Il vichingo nero ci aiuta a riflettere. Ci mostra in modo inconfutabile quanto sia manipolabile il nostro passato. Come sia sufficiente che chi si sta occupando di scrivere una cronaca voglia far passare una determinata idea, perchè i fatti vengano fuorviati.
E così si finisce per esaltare un’era arcaica egualitaria, insabbiando il fatto che una mutazione genetica tipica islandese, trasmessa per via materna, sia riconducibile agli abitanti di Irlanda e Scozia. E non so voi, ma non credo che nel X secolo un numero così elevato di donne abbia liberamente deciso di salire a bordo di navi vichinghe.
Mette nero su bianco come la nostra civiltà, il nostro modo di vivere, quello che poi è stato denominato “occidentale”, siano sempre stati distruttivi e irrispettosi degli atri esseri viventi. Il paragone è ancor più lampante quando si viene a conoscenza dei moltissimi altri popoli con cui Geirmund e i suoi sono entrati in contatto: oggi li definiremmo “eco-sostenibili” quando, in realtà, a me sono sembrati semplicemente più consapevoli della necessità di portare un immenso rispetto verso l’ecosistema che ci sfama.
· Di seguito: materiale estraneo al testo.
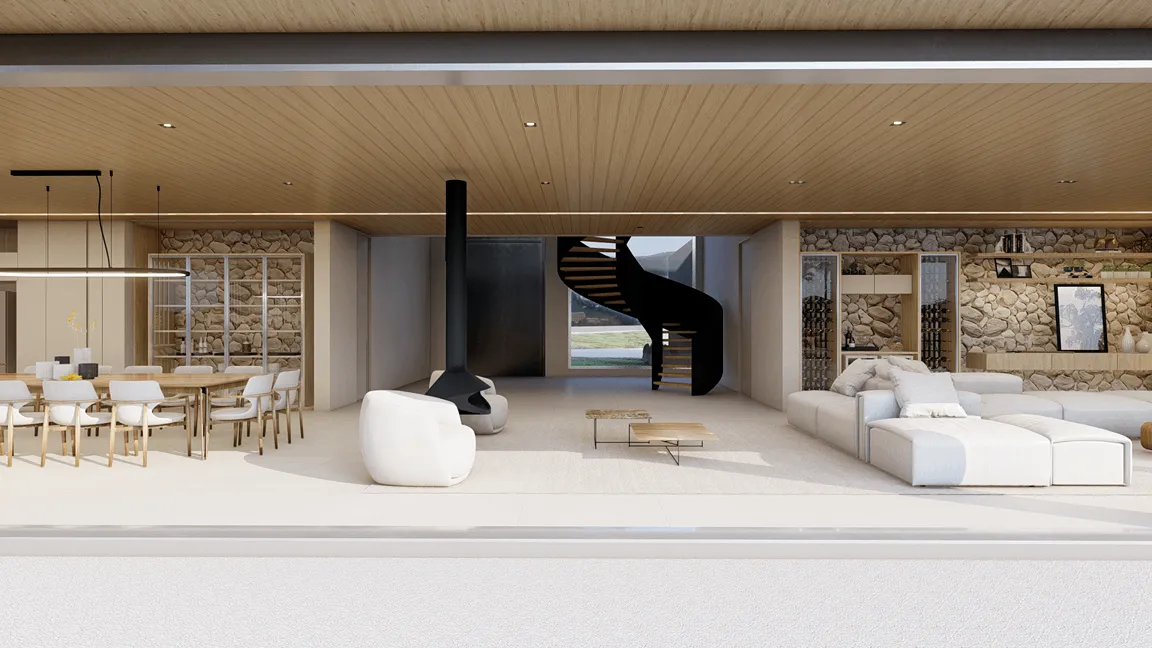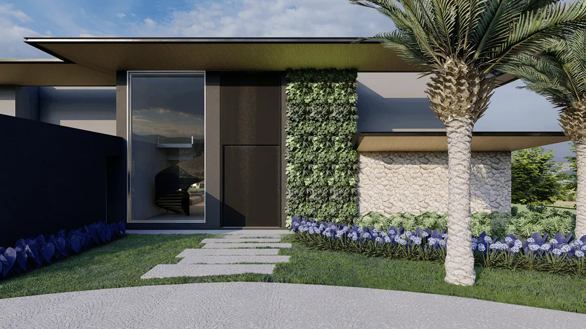 No perímetro de toda a residência, extensores metálicos formam grandes beirais, os quais recebem forro de madeira e ‘acolhem’ toda a residência. Elementos em aço, vidro, pedras naturais e madeira caracterizam a materialidade da casa pela presença constante nos pisos, forros, esquadrias e mobiliário.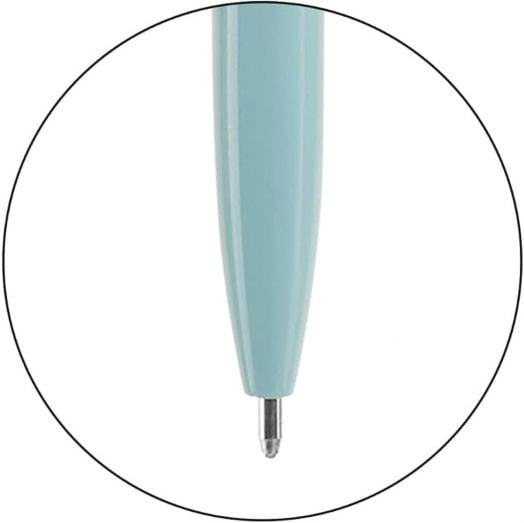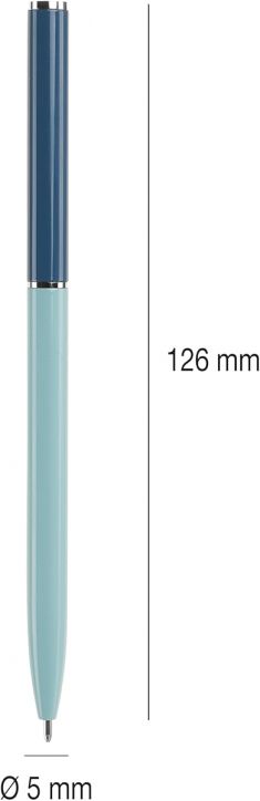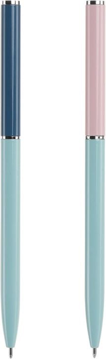 Корпусът на химикалката е метален, но леко едновременно елегантен, лек и тънък в два цвята: долната част/половина и на двете е в светлосин цвят, а в горната - на едната е в пастелно петроленосиньо, а на другата - в светлорозов цвят.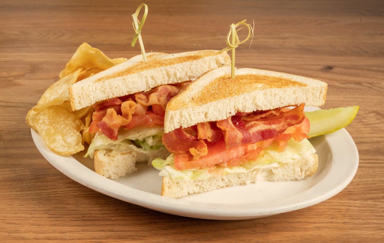 Crispy white toast piled high with bacon and topped with lettuce, tomato and mayo.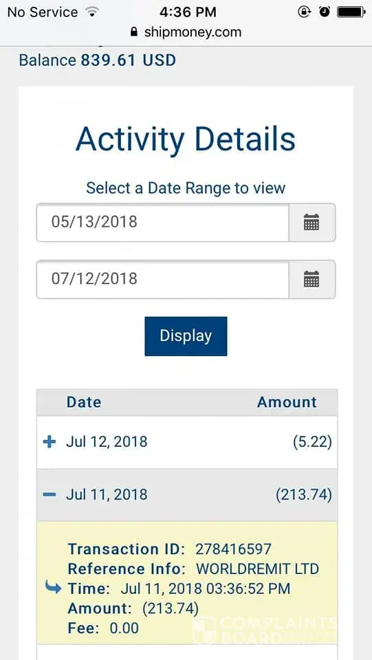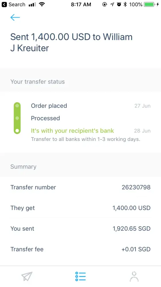 The transfer was initiated on 27th July 2018 for $1400 USD, but until i write this complain (2 weeks after), the recipient still not received the money. All the details provided are correct in the transfer.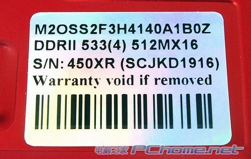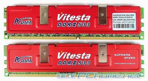 non-ECC unbuffered 240pin 512MB DDR2 SDRAM内存模组,从侧面观察可以发现它们都是双Rank配置,但安装紧密的外壳阻止了我们尝试拆卸它的动作,具体的内存颗粒状况无从知晓。虽然看不到但我们相信威刚的性能!必竟是老厂名牌了,DIYER心里一直是一个很好的形像!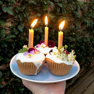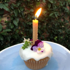 The last Birthday Candles you will ever have to buy! With a burn time of approximately 45 minutes, these natural Beeswax Candles will be a beautiful complement to every birthday cake for many celebrations to come. The Chittering Candle Company's Beeswax Candles burn brightly without leaving a dripping, toxic mess.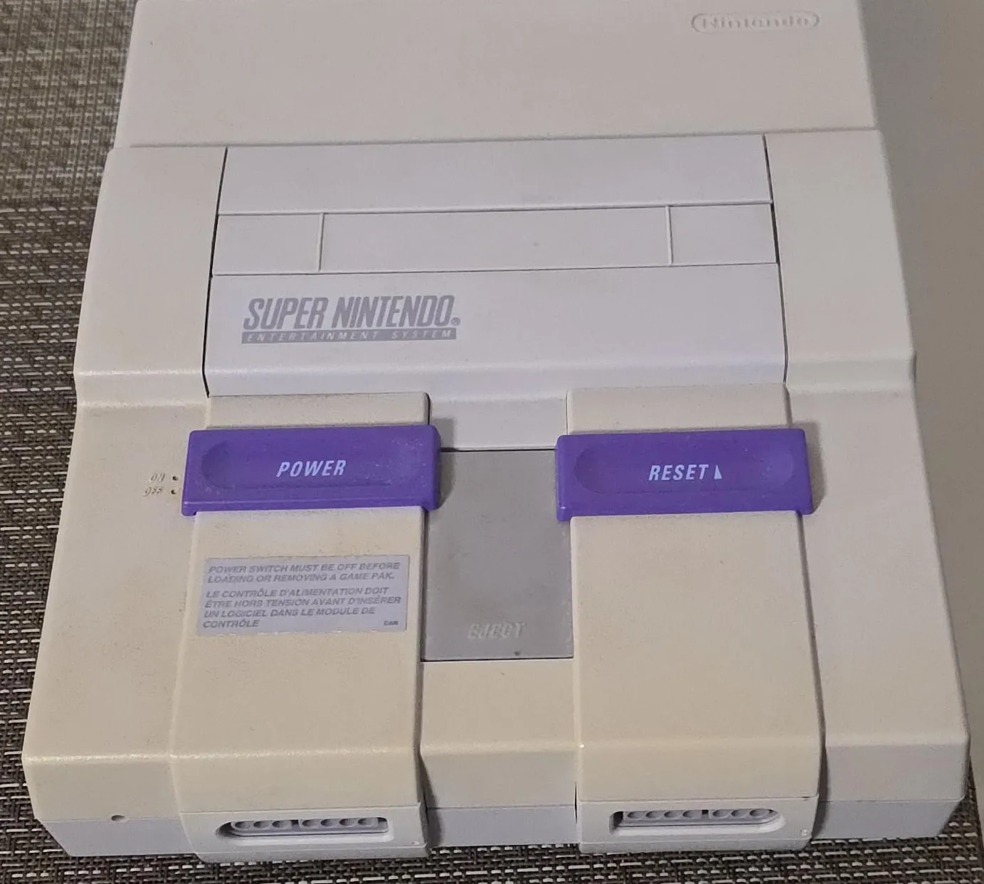 Selling a classic Super Nintendo Entertainment System (SNES)! It's in good working condition and ready for some retro gaming fun. Perfect for reliving old memories or introducing a new generation to classic games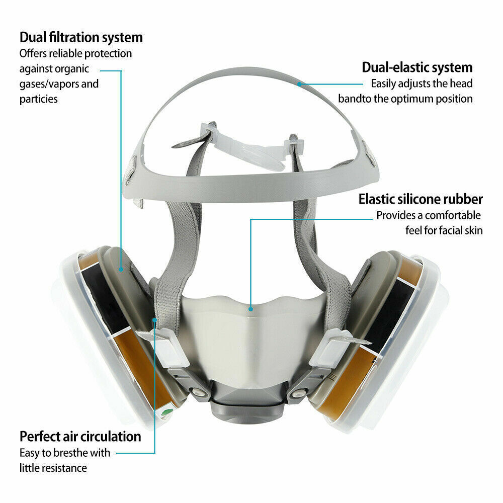 Our high quality reusable gas mask with filter face mask is equipped with multiple head straps to ensure a more comfortable fit and an airtight seal for better workplace safety.
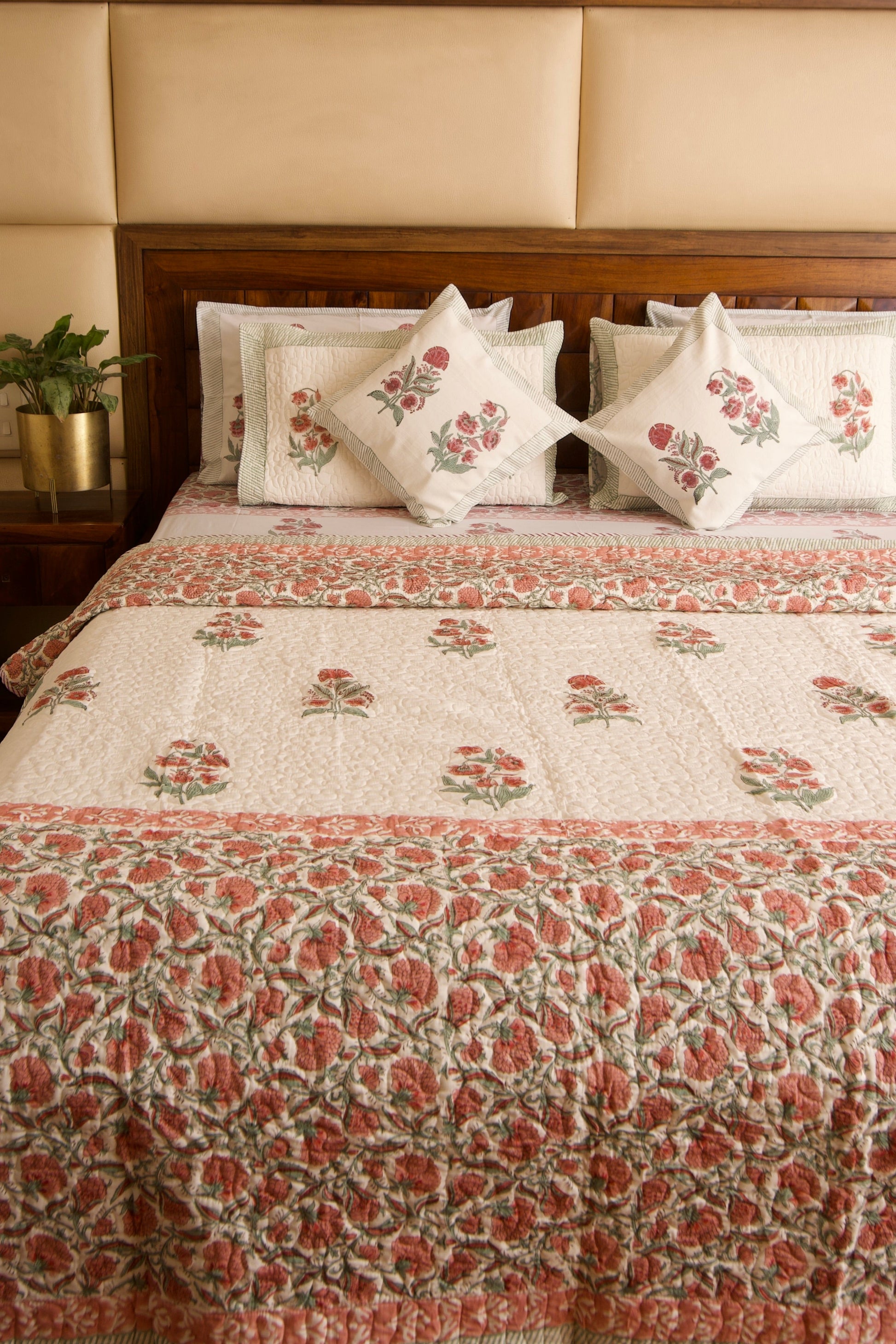 Experience ultimate comfort and elegance with our organic percale pure cotton 300 TC bedsheet paired with a matching exquisitely soft and cozy hand-quilted, block-printed mulmul cotton quilt.
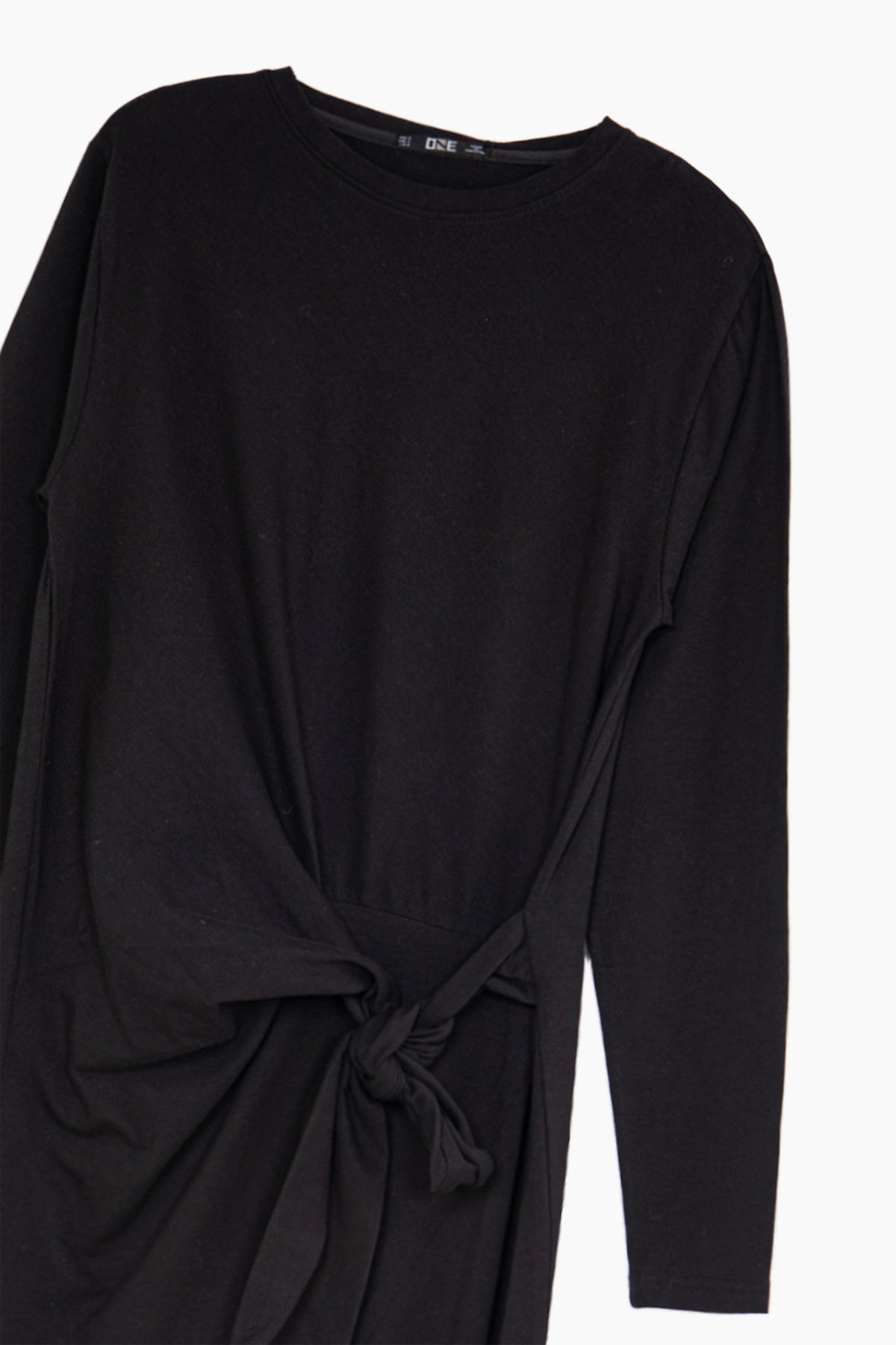 Crew neck dress in lurex jersey, featuring long sleeves and tie up detailing in front with side slit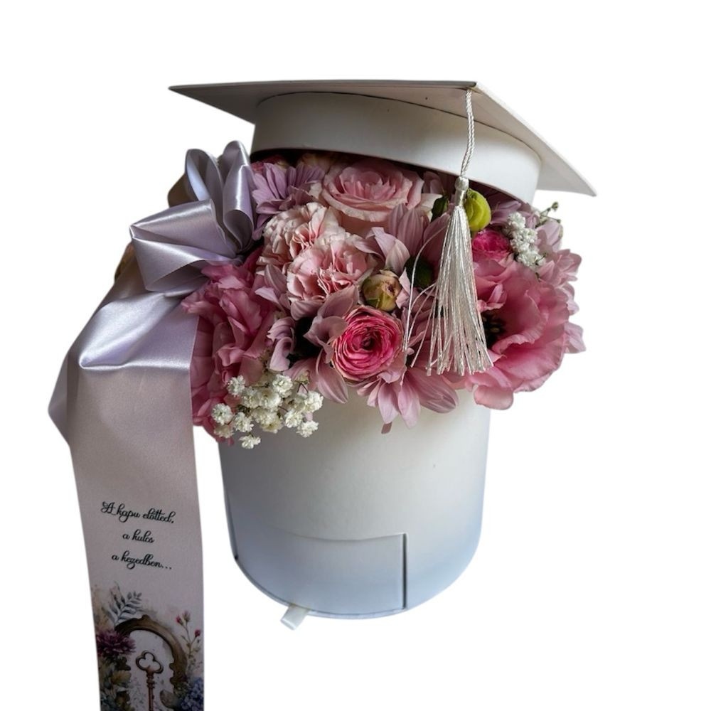 Ballagási kalapos box vegyes virágokkal, ballagási szalaggal - rózsaszín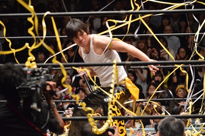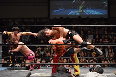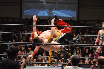 KUDOコーナーに振って突っ込む、石井かわしてジャーマン(右写真)、高尾にタッチ。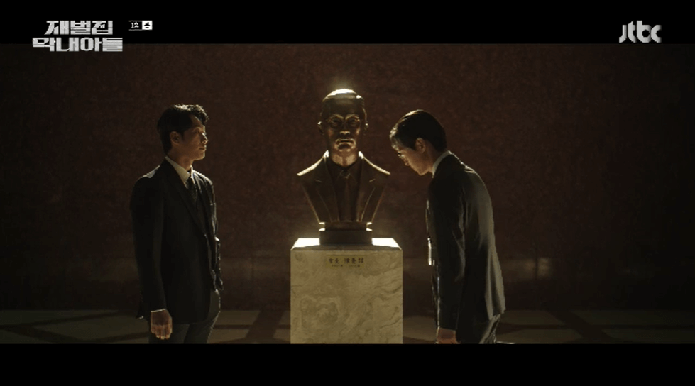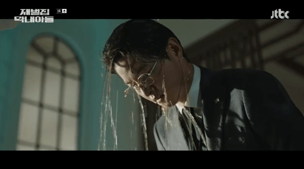 한쪽에서는 개막식이 열리고 있다. 부회장은 골프채를 계속 휘두르며 집안을 난장판을 만든다. 이제 곧 송중기 씨가 들어온다. 송중기는 이 부회장이 휘두른 골프채에 맞아 피를 흘리고 있다. 송중기가 일어나 부회장을 설득한다. 부회장이 송중기에게 물을 붓는다. 그런데도 송중기는 입을 굳게 다물고 고개를 숙여 부회장에게 감사를 표한다.

Non trovi anche tu che portare una specie animale quasi all’estinzione solamente per fare un maggior guadagno sia molto più da selvaggi che vivere a contatto con la natura?
La cosa che ho trovato davvero fantastica è che tutte queste riflessioni, così come molte altre, su vari argomenti – mitologia, toponomastica, letteratura, poesia, genealogia, archeologia, geografia, solo per citarne alcuni – siano sempre accompagnate da precise spiegazioni del modo in cui Bergsveinn Birgisson è arrivato a tali conclusioni.
Nulla è una supposizione fine a se stessa (come dimostra la vastissima bibliografia in conclusione).
In uno stile davvero magistrale, scorrevole, interessante e raramente pesante, l’autore ci illustra il suoi percorso di ricerca, lungo quasi vent’anni, spiegando chiaramente i dati alla base di ogni sua deduzione, di ogni tassello usato per costruire la storia del vichingo nero.
Per questo insisto sul fatto che il volume non sia semplicemente un racconto d’avventure e commerci, ma quasi la narrazione dei retroscena, dei passaggi necessari perchè noi potessimo arrivare a conoscere Geirmund.
Tutto ciò è stato possibile, a mio avviso, anche grazie alla splendida traduzione di Silvia Cosimini, in collaborazione con l’ISLIT (Icelandic Literature Center): se il libro è così scorrevole, e il linguaggio così pregante e stimolante (mi elettrizza sempre trovare parole che prima non conoscevo), è anche merito suo.
La cover è molto carina, in perfetta armonia con lo stile. Anche l‘impostazione grafia del volume in sé mi è piaciuta moltissimo.
Per concludere, mi sento di dire che Il vichingo nero mi è piaciuto come pochi altri libri. Credo sia già papabile per essere inserito tra le opere da rileggere – anche se, magari, non prima di andare a letto – in modo da poterlo comprendere ancora meglio, e scoprire ciò che a prima vista può essere sfuggito.
Bergsveinn Birgisson
Bergsveinn Birgisson è nato a Reykjavík, anche se ora vive a Bergen, in Norvegia. Dopo essere diventato dottore in filologia norrena all’Università di Oslo, ha diretto la sua carriera verso le strade dell’insegnamento e della scrittura, soprattutto di romanzi, poesie e racconti.
Oltre a Il vichingo nero, caso editoriale in Norvegia, in traduzione in dodici Paesi e possibile nuova serie televisiva, edito in Italia da Iperborea, Bergsveinn Birgisson ha pubblicato Risposta a una lettera di Helga con Bompiani.